In the "the housing market is nowhere near bottom" file, we have Home Depot's earings which dropped 66%. Oil crossed 129 a barrel (thank God it's not part of core inflation and therefore unimportant). And while Target also missed earnings, Saks and Staples saw increases (but note that Staples increase came from overseas increases rather than increases at US stores). We also saw Iceland get its credit ratings lowered.
Let's go to the chart to see what they say:
On the 5-minute daily chart, notice the clear trend break that occurred today, with prices dropping hard at the open and continuing to drift lower for the rest of the day. This shouldn't be surprising considering oil's price spike and the strong rally the SPY's have been experiencing since the beginning of last week. While a gentler sell-off is always preferred, a harsh sell-off isn't the end of the world.
On the SPY's daily chart, notice the upward trend is still intact. However, also notice the SPYs got to the 200 day SMA and couldn't cross. But also notice the positive SMA picture.

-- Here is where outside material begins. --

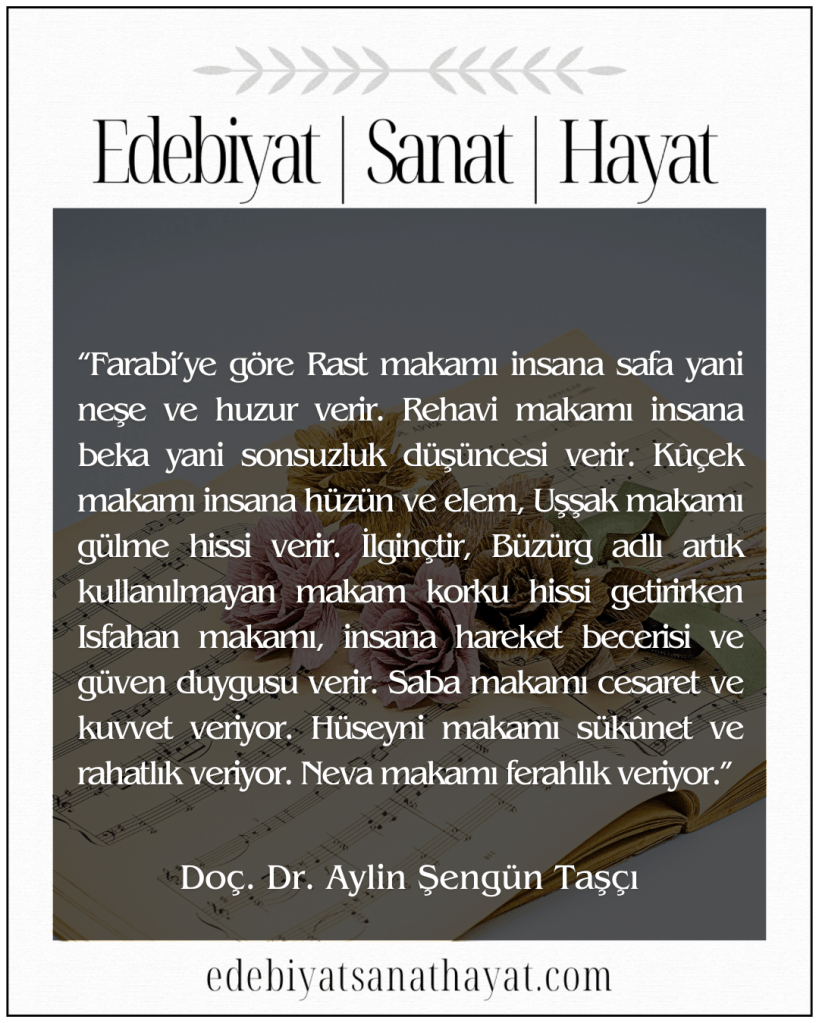 Farabi’nin çalışması, makamlara olan ilgisinin yanı sıra, Türk toplumunda müziğin günlük hayatın içine ne kadar derinden nüfuz ettiğini göstermesi açısından da çok değerlidir. Sanatın bugün de toplumumuza yüksek duygular verecek şekilde yaşatılması dileğiyle…

-- The shorter SMAs are higher than the longer SMAs
-- All the shorter SMAs are moving higher, and
-- Prices are still above the shorter SMAs.
Like the SPYs, the QQQQs, sold-off hard today, but would up in a trading pattern during the rest of the day.
But notice the uptrend is still very much intact on the daily chart. Also notice the following positive SMA points:
-- Prices are above all the SMAs
-- The 10 and 20 day SMA have crossed the 200 day SMA
-- The shorter SMAs are greater than the longer SMAs (10 > 20 > 50)
-- All the shorter SMAs are heading higher
The IMMs have been in the middle of a broadening pattern since last Wednesday. While they sold-off today as well, they used the established lower boundary of the broadening pattern as support.
Notice the following positive SMA points on the IWM chart:
-- Prices are above the shorter SMAs
-- The shorter SMAs are greater than the longer SMAs (10 > 20 > 50).
-- All the shorter SMAs are moving higher.
-- The longer-term trend lines are still very much in place.